Des diplômes du travail ont été remis aux agents en reconnaissance de leur engagement et de leur ancienneté, après 10 ans de service.

Vue du Directeur Général de l’ANINF prononçant son discours à la Fête du travail, où il rend hommage aux retraités de l’agence.

La cérémonie a aussi rassemblé d’anciens agents, aujourd’hui à la retraite, qui ont été honorés pour avoir aidé à bâtir l’Agence.

« L’ANINF ne s’est pas construite en un jour », a rappelé le directeur général.

Extension de son action et numérisation

En 2026, l’ANINF compte ouvrir des bureaux régionaux à Franceville et Oyem pour être plus présente partout au Gabon. En même temps, elle prévoit d’embaucher des gens de la région pour accompagner le passage au numérique.

En parallèle, plusieurs projets de numérisation avancent dans des domaines importants comme l’Assemblée nationale, les transports, le commerce et le tourisme.

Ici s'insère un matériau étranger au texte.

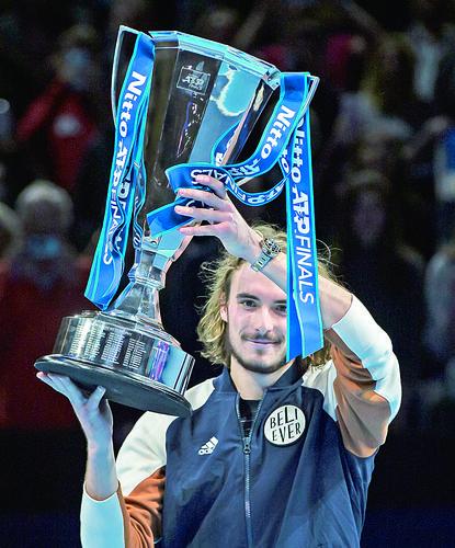 ▲11月17日,西西帕斯高举冠军奖杯。 当日,在2019ATP世界巡回赛年终总决赛单打决赛中,希腊选手西西帕斯以2比1战胜奥地利选手蒂姆,夺得冠军。 新华社记者 韩岩 摄
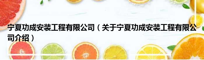 寧夏功成安裝工程有限公司(關于寧夏功成安裝工程有限公司介紹)
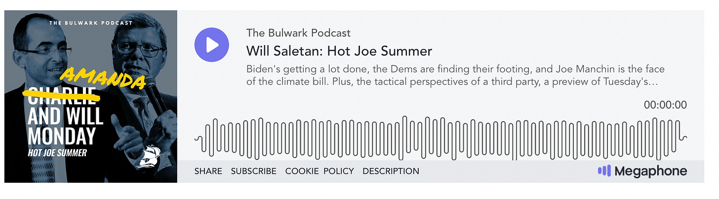 That’s it for me. Tech support questions? Email members@thebulwark.com. Questions for me? Respond to this message.
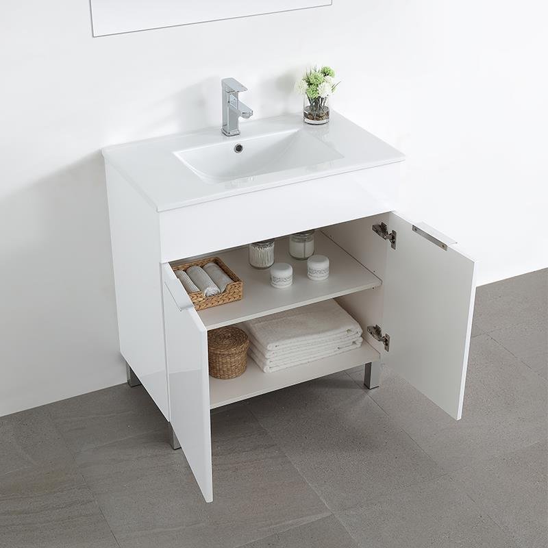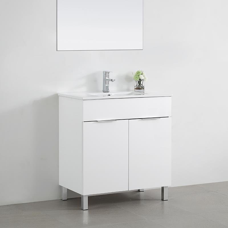 – Mueble de suelo. – Lavamanos cerámico. – Puertas: 2. – Color: blanco. – No incluye grifería. – No incluye espejo. – Medidas: 80 x 46 x 85 cm.
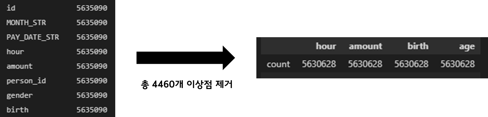 => 결제금액이 200,000 이상이거나, 음수 값일 경우 Outlier로 판단하여 제거
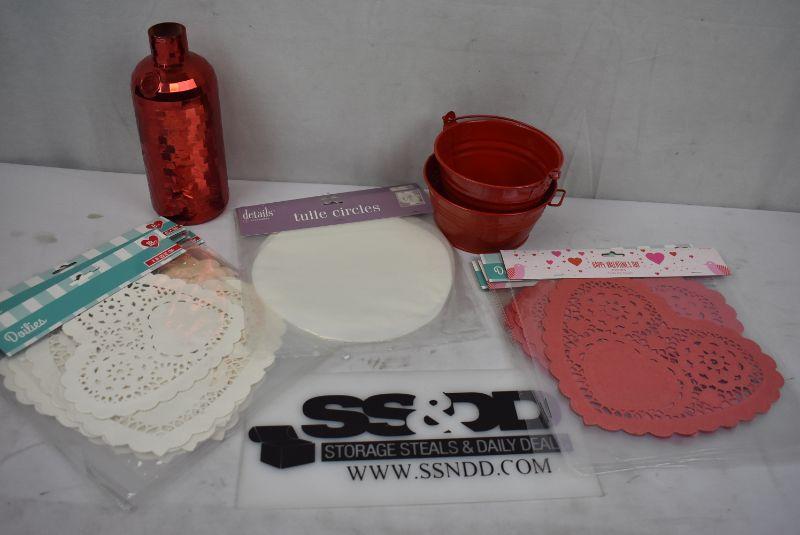 Love Decor, 15 packs of Valentine's Heart Doilies, 2 Tin Tubs, 1 Red Vase Decor
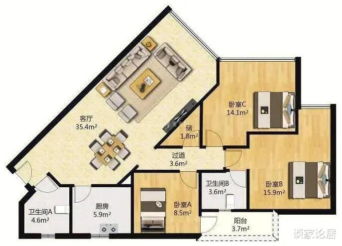 异形户型的室内都不方正,对整体布局造成很大的影响,特别是锐角的墙体,空间狭窄,不用充分利用,基本上这些空间都会浪费。
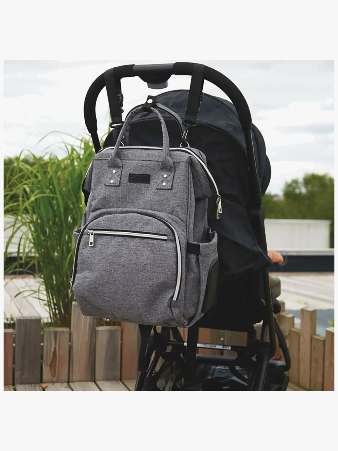 – Hæng den på barnevognen eller bær den som en rygsæk.

Formation et sécurité informatique

L’ANINF Academy va s’agrandir avec 18 salles de formation. Elles seront dédiées aux métiers du numérique, comme la cybersécurité, l’intelligence artificielle et la robotique. Une collaboration avec d’autres pays, en particulier les États-Unis, est envisagée pour améliorer les compétences du Gabon dans ces domaines.

« L’ANINF est appelée à contribuer à la construction d’un Gabon fort, moderne et souverain sur le plan numérique », a affirmé le directeur général.

Conditions de travail et aides sociales

Plusieurs aides ont été annoncées pour le personnel : il y aura un “ANINF Café”, l’Agence recevra onze véhicules de service, et l’accès au logement sera facilité grâce à la Société nationale immobilière (SNI) sur le site d’Essassa.

Vision d’avenir

Le directeur général a félicité le Président de la République, Chef de l’État, Brice Clotaire Oligui Nguema, pour sa vision. C’est grâce à lui que le numérique est devenu un élément central de la modernisation de l’État.

« Le numérique s’affirme comme un instrument essentiel de modernisation de l’État et d’amélioration du service public », a-t-il rappelé.

Une impulsion pour bâtir durablement un État numérique

Avec ce plan pour 2026, l’ANINF montre bien qu’elle est un acteur clé pour transformer le Gabon grâce au numérique. En plus de s’étendre dans le pays et de proposer des formations, l’agence vise maintenant à organiser en profondeur tout l’environnement numérique du Gabon. Il ne s’agit plus seulement de moderniser les outils administratifs. Le but est de bâtir une structure numérique solide, sécurisée et faite pour durer, qui pourra accompagner l’essor d’un État entièrement numérique.

Au-delà du bilan et des projets, la fête a aussi été animée par la prestation d’Omar Defunzu, visible sur l’image à côté du DG, dans une ambiance pleine de ferveur.

Dans cette optique, l’ANINF devient un soutien technique et opérationnel essentiel pour la souveraineté numérique du pays. Son rôle est de prévoir les changements technologiques, de rendre les services publics plus compatibles entre eux et d’aider à faire émerger des experts locaux dans le numérique. Cette direction montre la volonté de faire du numérique un moteur important pour le développement, l’efficacité des services publics et la transformation profonde et durable de l’administration gabonaise.